Random forest of regression trees shows performance comparable to the best of several established PH prediction methods by Aduen et al. (A) Area under the ROC curve (AUC) for all methods with estimated 95% confidence intervals. (B) Consensus ROC curves of the five machine learning algorithms under consideration as well as the ROC curve of the method by Aduen et al. (light blue). Prediction performance is assessed using a 10 times repeated 3-fold CV and is measured using the AUC. The first column gives the AUC for the ML algorithms under consideration as well as the established method by Aduen et al. together with the 95% confidence interval according to DeLong. At the Youden index the accuracy, sensitivity, positive predictive value, and negative predictive value are evaluated additionally. The random forest of regression trees models the PAPm so that it is possible to compare the model predictions to the invasively measured values. The modeled values correlate with the invasively measured values at lower levels for the machine learning derived method compared to Aduen et al. with Pearson's correlation coefficients 0.63 for random forest and 0.70 for Aduen et al. The combined method achieves the same correlation again with a correlation coefficient of 0.69 (Fig 3A). The bias in the random forest of regression trees is smallest, while Aduen et al. on average underestimate the measured PAPm by 5mmHg. The random forest as well as the combined method, on the other hand, show regression to the mean behavior (S6 Fig).

Fig 3

Best performing Machine Learning Method: Random forest of regression trees.

The random forest of regression trees performed best among the 5 machine learning methods under consideration and achieves performance levels comparable to the prediction by Aduen et al., the best of several established prediction methods. (A) Invasively measured PAPm (y-axis) in comparison to the predictions (x-axis). Displayed are predictions by a random forest of regression trees (blue), predictions by the combination of the random forest of regression trees and the method of Aduen et al. (purple), and predictions by the method of Aduen et al. (pink). The lines show a linear fit with confidence bands (gray shades). The plot shows the predictions from the first repetition of the CI The text annotation gives Pearson's correlation coefficients with 95% confidence intervals. For the ML method these are average values across all CV repeats. (B) Variable importance for the random forest of regression trees.

Best performing Machine Learning Method: Random forest of regression trees.

Machine-Learning variable rankings

Aduen et al. is calculated as the sum of TRPm and RAP and proved to be the best performing of several studied established prediction methods. Since the random forest of regression trees achieves comparable levels of classification performance, we asked which variables it predominantly uses. Permutation provides a manifest measure of the importance of variables within a random forest. For each variable the increase of the prediction error is averaged across all trees in the forest when the values of that variable are permuted. The RAP values show only little variable importance for the random forest of regression trees (Fig 3B).

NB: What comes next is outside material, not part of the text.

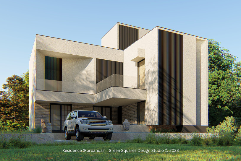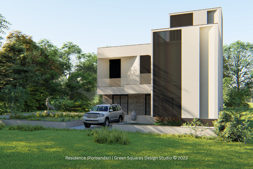 It is a residential bungalow situated in Porbandar with minimal, clean lines and a modern minimalistic theme which is characterized by it's simplicity, clarity, and functionality. The focus was on clean lines and uncluttered spaces with a minimal use of other elements. The exterior of the bungalow is typically characterized by a simple and elegant design with a sleek and minimalist façade. The use of materials such as glass and steel can create a sense of openness and lightness. The bungalow is designed to be functional and efficient, with an emphasis on natural light and open spaces. The use of neutral colors such as white and beige creates a calming and relaxing atmosphere. The elements are typically simple and functional, with clean lines and minimal ornamentation. The use of space was also carefully considered, with an emphasis on creating an uncluttered and streamlined environment. The minimalist design creates a sense of order and tranquility, allowing the occupants to focus on the essential elements of their living space. The overall result is a contemporary and sophisticated bungalow that is both beautiful and functional.
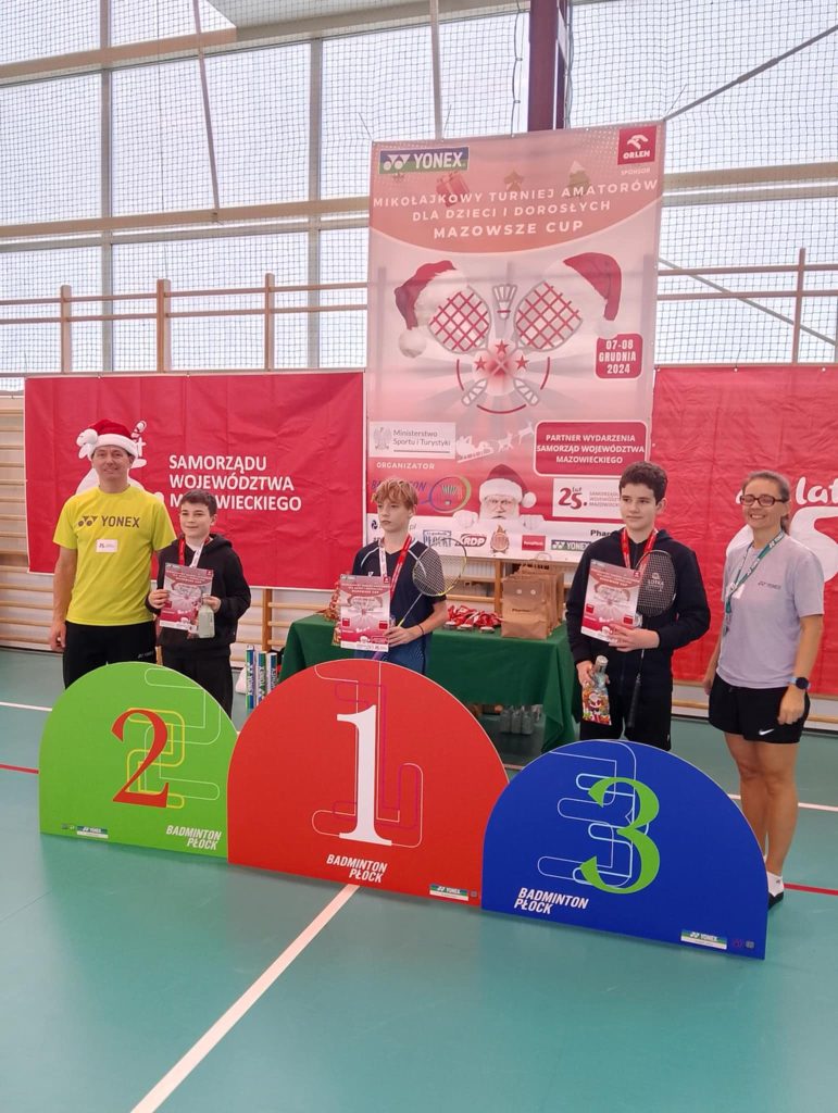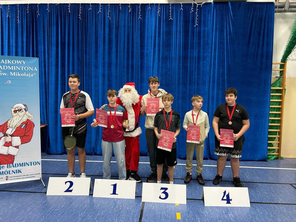 Od nowego roku rozpoczyna się kolejny sezon w którym poza Kacprem Koszem wszyscy nasi zawodnicy zmienią kategorie wiekowe. Olgierd i Wojtek z młodzika młodszego przejdą do młodzika, a Kuba i Gabriel z młodzika przejdą do juniora młodszego. Do wyżej wymienionej piątki, która jeździ systematycznie na turnieje ogólnopolskie dołączy Franciszek Rajkowski, który w okresie Mistrzostw Polski ogrywał się na innych turniejach. W Płocku w Turnieju Mikołajkowym rozgrywanym w poprzednią sobotę zajął 1 miejsce, a dzień później w Smólniku podczas 11. Mikołajkowego Turnieju Badmintona o czapkę Św. Mikołaja wywalczył 3 miejsce.

Instead the predictions are based mainly on TRVm, TRVmax and RVD2. TRVm is ranked as most important variable and RVD2 is among the most important variables also for all other algorithms except the lasso penalized logistic regression (S7 Fig).

Discussion

Although only two echocardiographic measurements suffice to estimate PAP with high precision in experienced hands, the European guidelines prefer consideration of several signs over PAP due to concerns regarding error amplification [12]. To establish an algorithm that achieves this task, we interrogated several ML methods for their performance, as ML is ideally suited to integrate multiple parameters. Fig 4 gives an overview over the patient cohort, the collected data, and the processing (Fig 4). The large majority of the cohort were patients in WHO group 2 (due to left heart disease). A possible application of PH prediction in this cohort is risk estimation, e.g. in the context of interventional or surgical procedures.

Fig 4

Overview procedure and main results.

Overview procedure and main results.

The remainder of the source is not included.